J.D. Considine
From Wednesday's Globe and Mail Published on Wednesday, Nov. 11, 2009 12:00AM EST Last updated on Saturday, Nov. 14, 2009 3:15AM EST
If you've spent any time at all listening to Canadian jazz, odds are you've heard Dave Young.
You may not have known it, of course, because Young - like many bassists - is seldom in the driver's seat. Indeed, his just-released album, Mean What You Say, is only his third as a bandleader, despite a career that stretches across four decades.
Still, Young's combination of rhythmic drive and virtuoso technique has made him one of the most in-demand rhythm players in Canadian jazz. In addition to lengthy stints with the likes of guitarist Lenny Breau and pianist Oliver Jones, Young's C.V. includes innumerable recording sessions and club dates.
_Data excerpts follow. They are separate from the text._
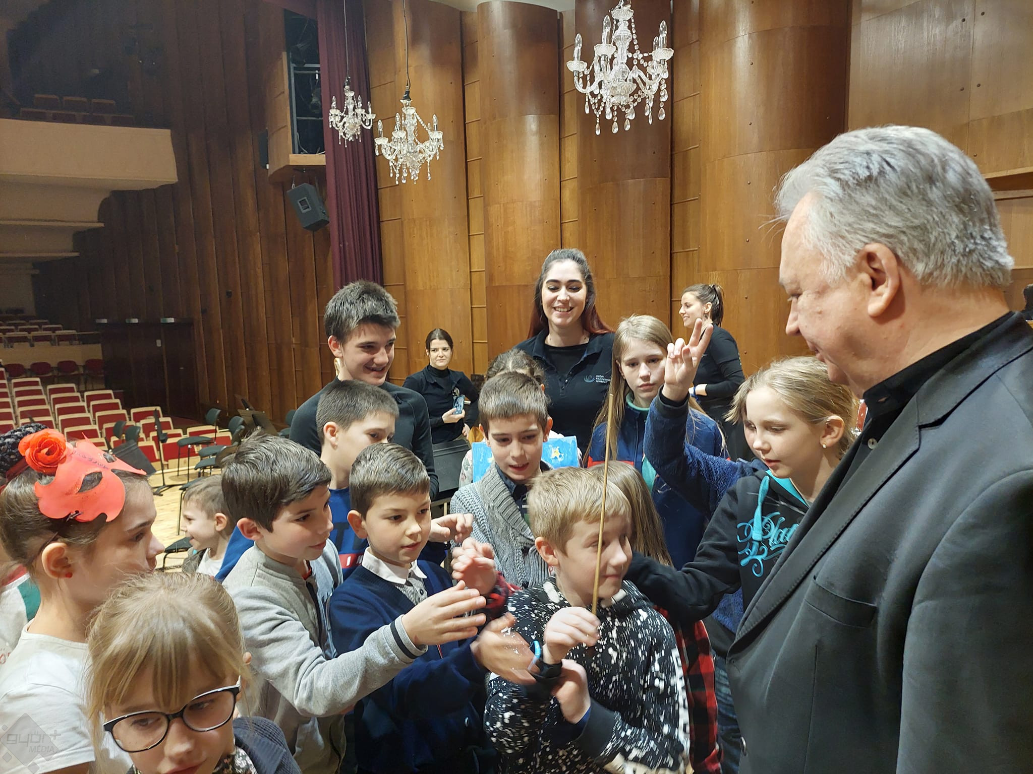 „Imádom a gyerekeket! Örömöt okoz, hogy közöttük lehetek és ha kérdezősködnek arra válaszolhatok a legjobb tudásom szerint.” – mesélte a művész, aki arról is beszélt, hogy igazán eseménydús napokon van túl a Filharmonikus Zenekar.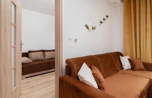 The apartment has a functional interior and a well thought-out layout with the possibility of accommodating 6 people - great for families! The unique design of the apartment is characterised by the arrangement and decorative elements in warm tones - reminiscent of the sunny beaches of the Baltic Sea. The accommodation consists of a spacious living room, kitchenette, bathroom with shower and two bedrooms. The master bedroom has a double bed and a spacious wardrobe. The second bedroom has a comfortable sofa bed and a desk with chair - a comfortable place to work remotely or study. The living room also has a comfortable sofa bed. Even inside the apartment, guests can enjoy the seaside atmosphere by relaxing on the balcony with garden furniture - ideal for relaxing on warm summer evenings. The living room, with sofa and flat screen TV, is the perfect place to relax and watch a film. The wide range of amenities and the fact that the apartment is fully equipped with all the necessary kitchen and bathroom accessories and equipment ensure a comfortable stay. Multimedia facilities include free Wi-Fi and a flat screen TV. The apartment is ideal for any type of stay, especially if you appreciate being close to nature and beautiful interiors. Complimentary toiletries, towels and bed linen are provided for a good start to each night's stay. Parents travelling with a child can also book a cot for their little one. The apartment also comes with a private parking space in the outdoor car park, which is especially convenient during the holiday season.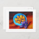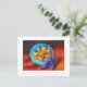 Vividly coloured postcard great for greetings between artsy friends. Postcard design is a colourful still life of orange wedges arranged on a turquoise plate; blank on the back with small Zazzle logo and artist's name at the bottom.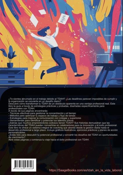 ¿Te has preguntado cómo alcanzar el éxito profesional con TDAH? Este libro ofrece una guía práctica y detallada para adultos que buscan desarrollarse profesionalmente mientras manejan los desafíos del TDAH en la vida laboral.A través de estrategias probadas y herramientas prácticas, esta guía aborda:- Técnicas efectivas para mejorar la concentración y gestionar las distracciones en el entorno laboral- Métodos de organización y gestión del tiempo adaptados a personas con TDAH- Estrategias para optimizar la comunicación con superiores y compañeros de trabajo- Sistemas para estructurar el espacio de trabajo y mantener el orden- Herramientas para el manejo del estrés y la prevención del agotamientoEl libro profundiza en aspectos clave como:- Análisis de fortalezas y desarrollo de competencias profesionales- Planificación de carrera y establecimiento de metas realistas- Técnicas de coaching específicas para TDAH en adultos- Gestión de la productividad y organización personal- Equilibrio entre vida laboral y personalCada capítulo incluye ejercicios prácticos, ejemplos reales y gráficos ilustrativos que facilitan la comprensión y aplicación de las estrategias presentadas. Esta guía está diseñada para ayudarte a:- Identificar y aprovechar tus talentos únicos- Desarrollar sistemas de trabajo efectivos- Construir relaciones profesionales sólidas- Mantener un rendimiento laboral consistenteDescubre cómo transformar los desafíos del TDAH en oportunidades para el crecimiento profesional.Este libro ha sido creado utilizando tecnologías innovadoras como la Inteligencia Artificial y herramientas especialmente desarrolladas, por ejemplo, en la búsqueda de ideas, la investigación, la escritura, la edición, el control de calidad y el diseño de ilustraciones decorativas.De esta manera, queremos ofrecerle una experiencia de lectura especialmente coherente, moderna y de mayor calidad.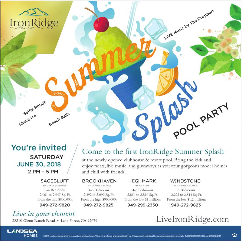 BY LANDSEA HOMES You’re invited SATURDAY JUNE 30, 2018 2 PM – 5 PM Come to the first IronRidge Summer Splash at the newly opened clubhouse & resort pool. Bring the kids and enjoy treats, live music, and giveaways as you tour gorgeous model homes and chill with friends! BY LANDSEA HOMES 3-4 Bedrooms 2,061 to 2,647 Sq.Ft. From the mid $800,000s 949-272-9820 BY LANDSEA HOMES 4-5 Bedrooms 2,492 to 3,099 Sq. Ft. From the high $900,000s 949-272-9825 BY KB HOME 4-5 Bedrooms 2,814 to 3,510 Sq. Ft. From the low $1 millions 949-299-2330 BY LANDSEA HOMES 5 Bedrooms 3,272 to 3,814 Sq. Ft. From the low $1.2 millions 949-272-9823 28310 Glenn Ranch Road • Lake Forest, CA 92679 LiveIronRidge.com ©2018 Landsea Homes. All rights reserved and strictly enforced. This is not an offering where prohibited by law.Please consult aLandsea Homes sales representativefor details. CalBRE#02030520 KB Home BRE#00242327
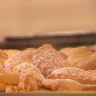 Fill each dough circle with a small spoonful of the chocolate-hazelnut spread. Dip your finger in tap water and spread on the edge of half the circle to help create a seal. Fold the dough over to create a crescent. Bake until golden, about 15 minutes. Cool, then sift the confectioners' sugar on top and serve.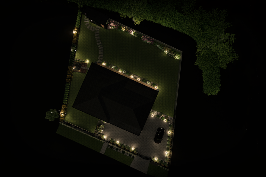 Vakarinis apšvietimas sustiprina architektūrą ir suteikia kiemui jaukumo bei reprezentatyvumo tamsiuoju paros metu.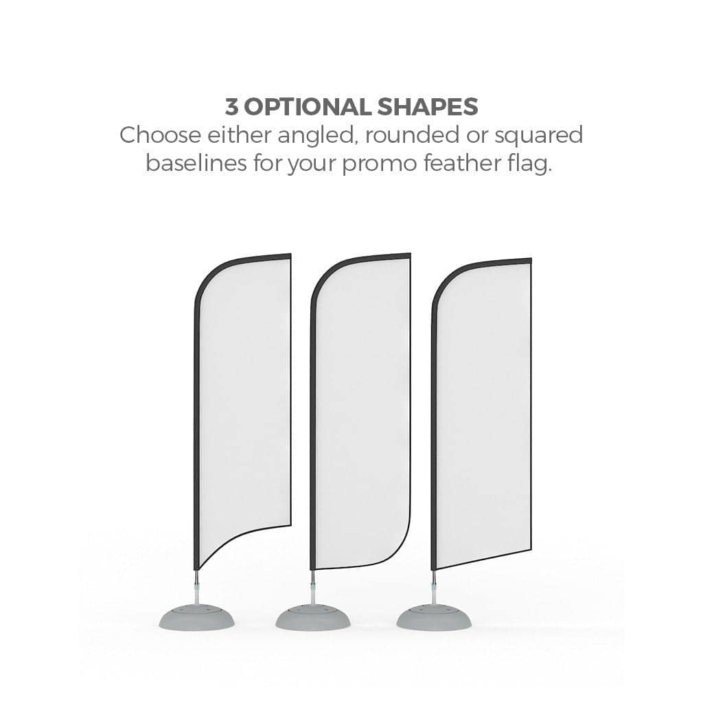 Promo Bowhead Flags are great for special events. WaveLine® Bowhead Flag makes it easy to display large graphics and increase your visibility at Indoor events, retail locations or advertising promotions. Available in 4 different sizes with 3 different optional shapes.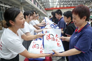 2023年7月21日,四川省華鎣市的青年普法志愿者在華鎣山經(jīng)開區(qū)四川瀚海精密制造有限公司,給正在工間休息的員工發(fā)放裝有法治圖書、法律援助聯(lián)系卡、防暑解暑物品的“法治大禮包”。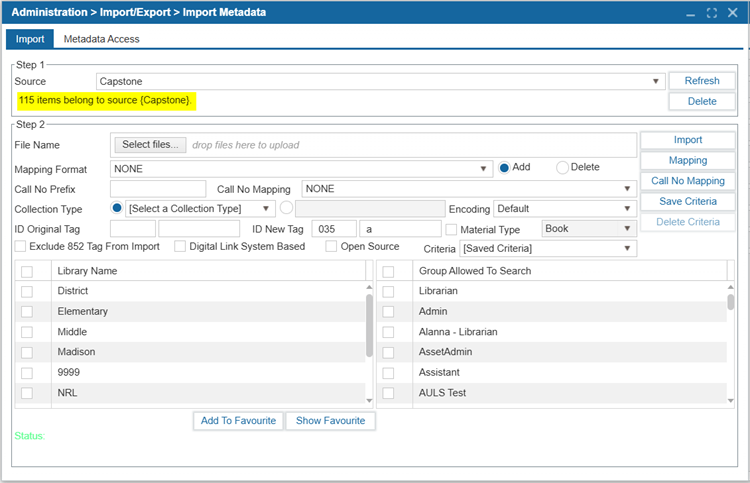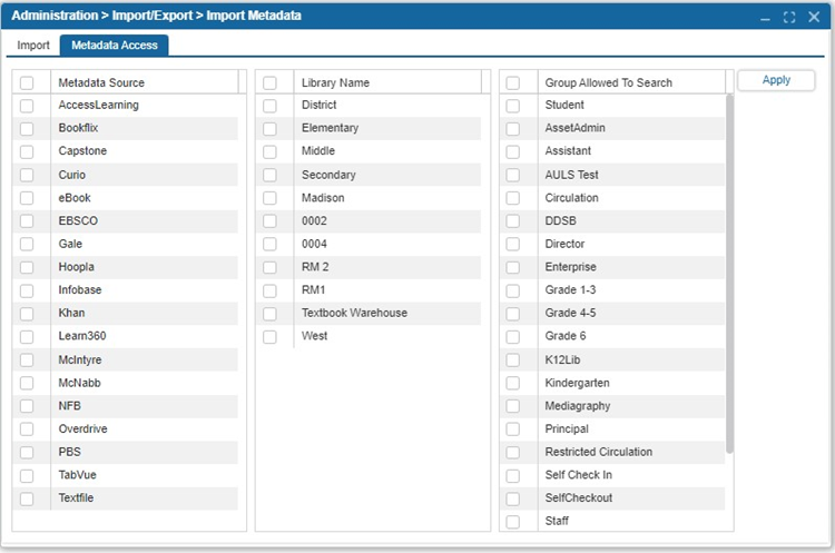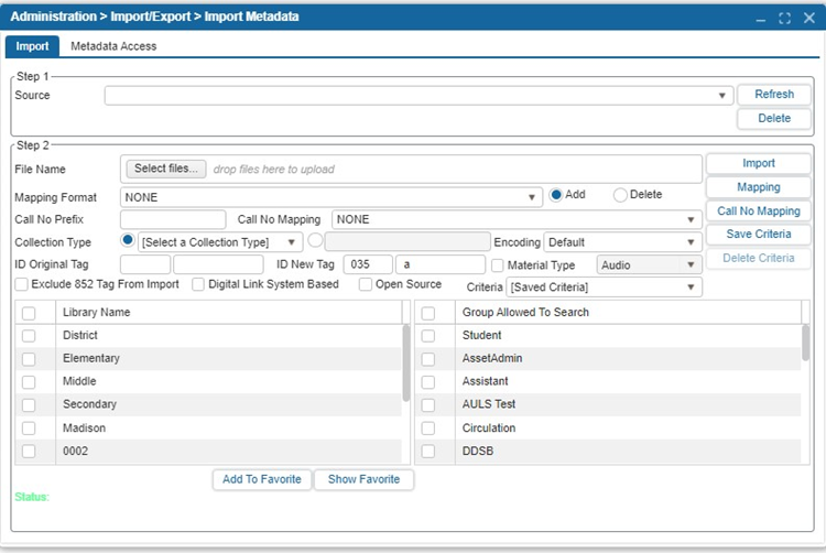 - Navigate to Administration > Import/Export > Import Metadata > Metadata Access.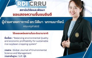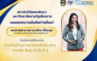 สถาบันวิจัยและพัฒนา มหาวิทยาลัยราชภัฏเชียงราย ขอแสดงความยินดีอย่างยิ่งแด่ รองศาสตราจารย์ ดร.ปวีณา ลี้ตระกูล รองอธิการบดี ในโอกาสที่ได้รับรางวัล "นักวิจัยด้านการเกษตรดีเด่น" รางวัลดีเด่น [...]

The 69-year-old has spent much of his career playing classical as well as jazz. He has held positions with a number of Canadian orchestras and has also performed in opera orchestras, chamber groups and new-music ensembles.
Being able to work both sides of the street like that is no small achievement. As Young explains, the demands of classical and jazz on a bassist are "very different. The notes are in the same place, but that's about where it stops. The whole interpretation, and the fact that you're using the bow 99 per cent of the time - there's a whole range of factors that make [playing classical] quite different."
What makes Young's classical work all the more amazing is that the Winnipeg native started out as a jazz musician, and didn't begin to study classical music until after he'd graduated from university and moved to Toronto in 1967. An economics major, he worked first in accounting, and then as a financial analyst. "I was working on Bay Street all day, and working in clubs at night," he says. "That went on for a year or two."
Eventually, he turned in his pinstripes and focused on music full time. For a while, he maintained two basses, one for classical music and the other for jazz. But it was the jazz work that earned him the higher profile, particularly after he got a call to tour Japan with pianist Oscar Peterson in 1975.
"I took the gig assuming that it was just going to be a regular group, like a trio or quartet," he says. "Then, when I got to his house, he said, 'It's just you and I.' And that's what it was for six months: Two of us."
Isaac Newton famously described the Western intellectual tradition as "standing on the shoulders of giants." But to hear Young tell it, playing with Peterson was more like having to run alongside a giant. "You had to keep up," he says.
Even the best players could be shaken by what playing with Peterson demanded. Young recalls how Joe Pass - generally considered one of the most technically proficient guitarists ever to play jazz - would occasionally get "psyched out" by Peterson during a show. "He'd come off after the first half and say, 'You know, I could play this guitar yesterday. . . .' "
Young, for his part, dealt with the stress of Peterson's demands by learning to relax onstage. "I mean, I had to psych myself out in order to play the gig, but that was what it took," he says. "Little by little, he grew comfortable with what I did, so in the final 10 years, I could just get up there and play the way I felt comfortable, and away we went. There was no big push to make it more aggressive than it should be."
That relaxed confidence has been a hallmark of Young's playing ever since, and is amply in evidence on Mean What You Say. Working with brothers Robi and Frank Botos on piano and drums, plus trumpeter Kevin Turcotte, Young manages to be swinging and authoritative in a wide range of moods, from the driving hard bop of Minor 101 to the gentle, balladic take on Cole Porter's Every Time We Say Goodbye. Toss in a handful of spectacularly articulate bass solos, and it's a perfect a summation of Young's abilities as could be imagined.
The Dave Young Quartet will perform at the Trane Studio Jazz Lounge in Toronto at 8 p.m. on Thursday (416-913-8197).